Assembly Committee Supports $3 Billion Bond for Parks, Water
February 9, 2017
The Assembly Water, Parks, and Wildlife Committee voted to support a $3 billion state bond to finance parks, water, climate adaptation, coastal protection, and outdoor access programs. This is the first step in a lengthy process for AB 18 (Garcia) which eventually will require passage by the legislature and voter approval.
The proposal includes several categories of local funding, including dollars on a per capita basis as well as competitive grants for local governments. Conversation in committee included many supporters as well as some concerns about the size of the bond and considerations over the state’s capacity to take on the additional bond debt.
SB 5 (De Leon) is a similar bond on the Senate side; it has not yet been scheduled for a committee hearing.

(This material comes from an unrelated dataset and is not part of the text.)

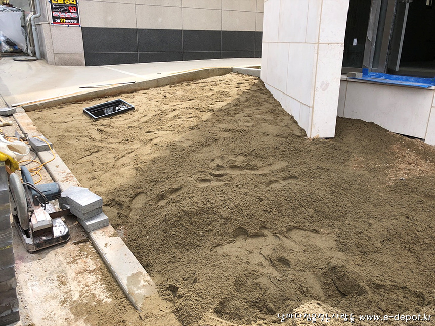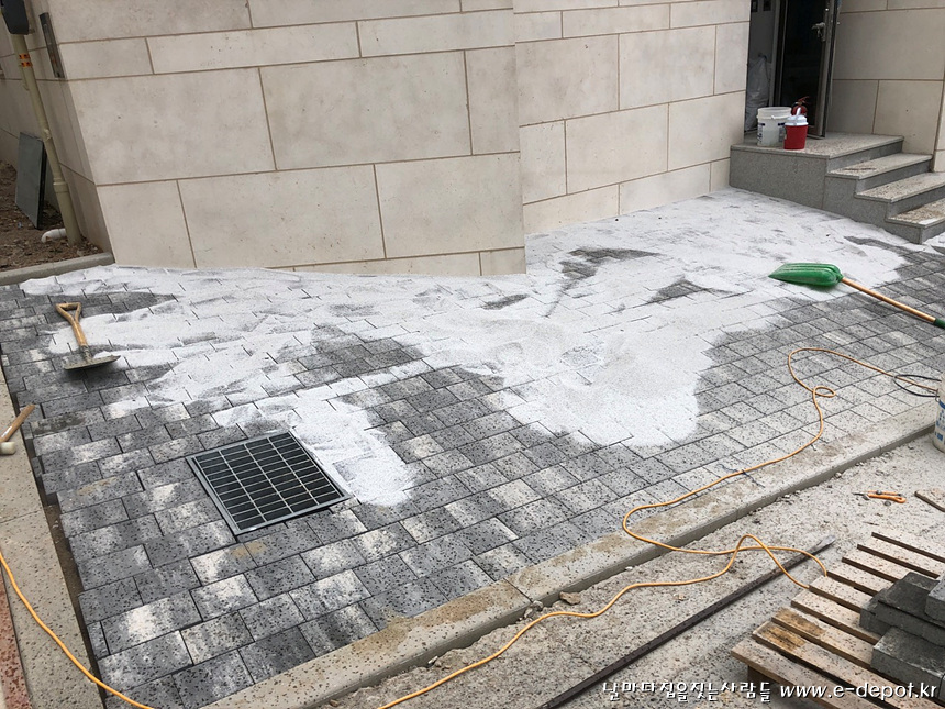 투수블럭 깔고 난 후 규사로 메지를 채워 넣습니다.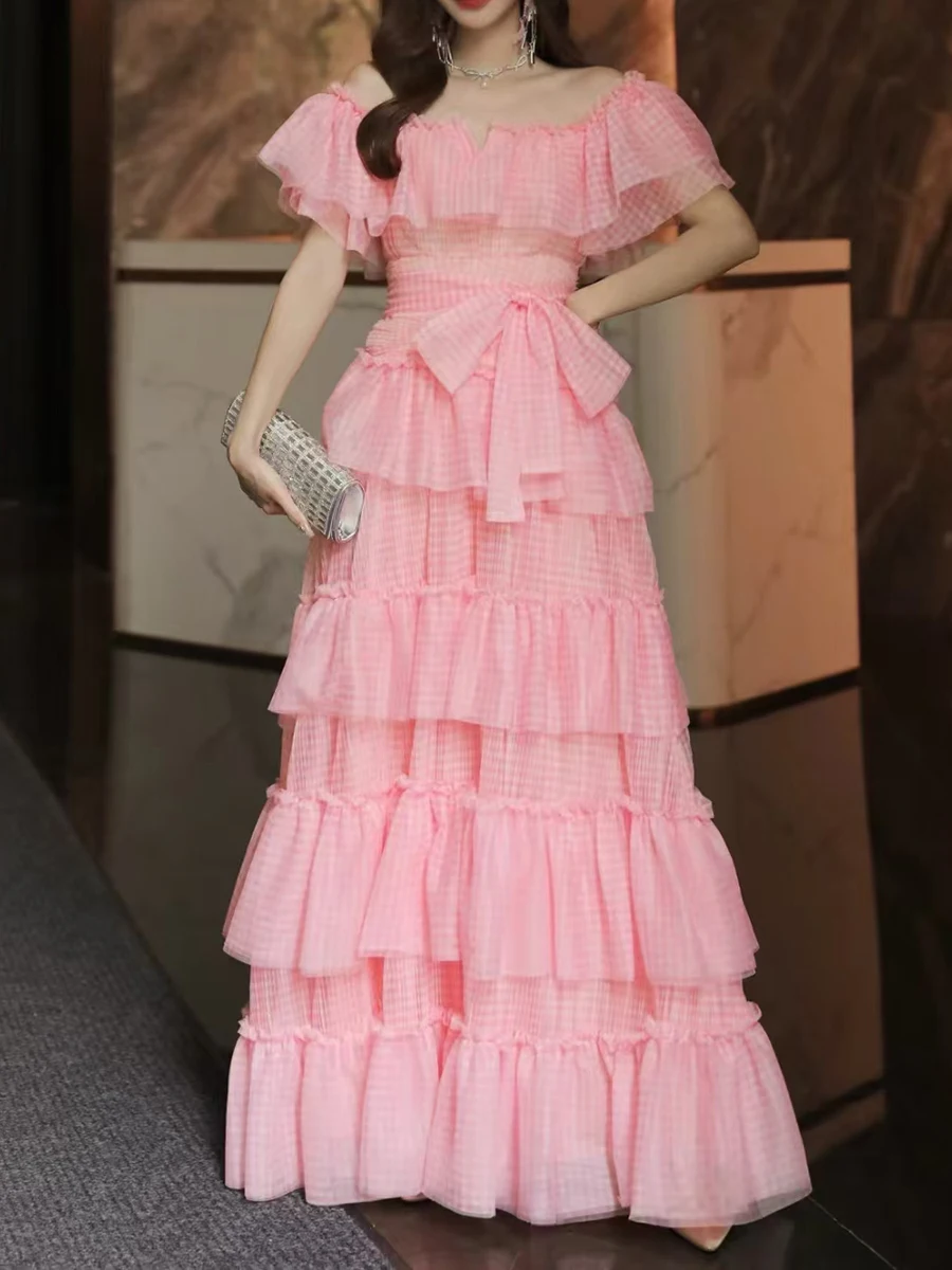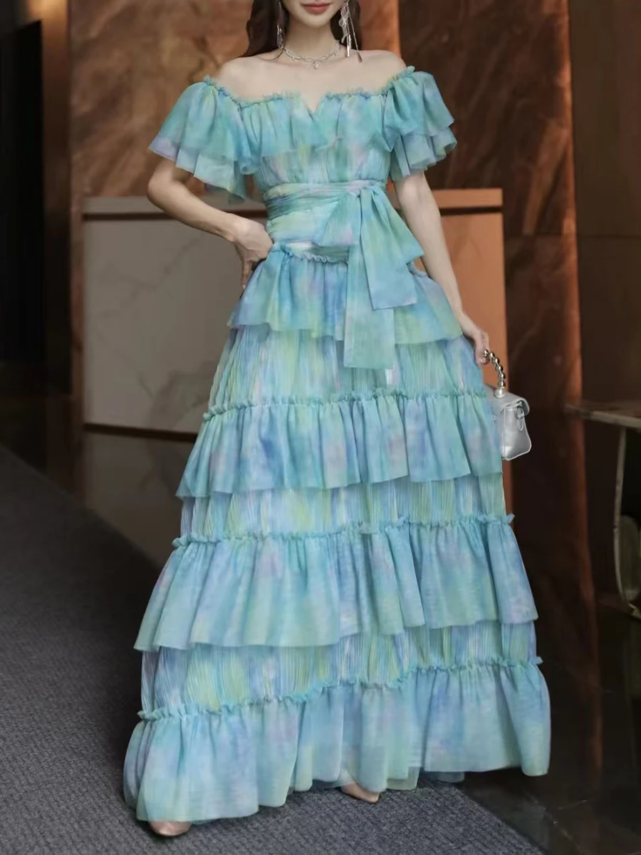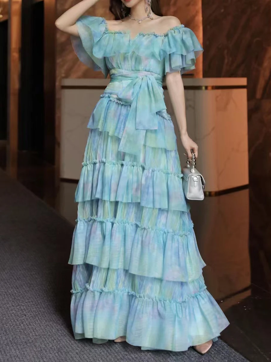 Solid Spliced Ruffles Loose Dresses For Women Slash Neck Short Sleeve High Waist Temperament Dresses Female Fashion

The last major park bond was passed in 2006, though several of the more recent water bonds have included some funding for similar activities and a bond measure during the last legislative session failed.
The bond would fund the following activities:
- Environmental and social equity – the creation and expansion of safe neighborhood parks in park-poor communities.
- Local and regional outdoor spaces – local park rehabilitation and improvement grants to local governments on a per capita basis as well as competitive grants.
- Natural, historic, and cultural legacy – for restoration and preservation of existing state park facilities and units to preserve and increase public access and to protect natural, cultural, and historic resources in the parks.
- Trails and greenway investments – for competitive grants through the Natural Resources Agency for non-motorized access to parks, waterways, or other natural environments to encourage health-related commuting.
- Rural recreation, tourism, and economic enrichment – for competitive grants to local governments in non-urbanized areas.
- River recreation, creek, stormwater, and water improvement – for grants for several specific waterways as well as an urban stream program and competitive grants for stormwater capture projects that have co-benefits of enhanced park, parkways, and open space.
- State conservancies – for several conservancies with priorities and specific criteria for funding.
- Ocean, bay, and coastal protection – for projects that enhance and protect coastal and ocean resources.
- Climate preparedness, habitat resiliency, resource enhancement, and innovation – for projects that improve a community’s ability to adapt to climate change, including projects to improve and protect coastal and rural economies, agricultural viability, wildlife corridors, or habitat, develop recreational opportunities, or enhance drought tolerance and water retention.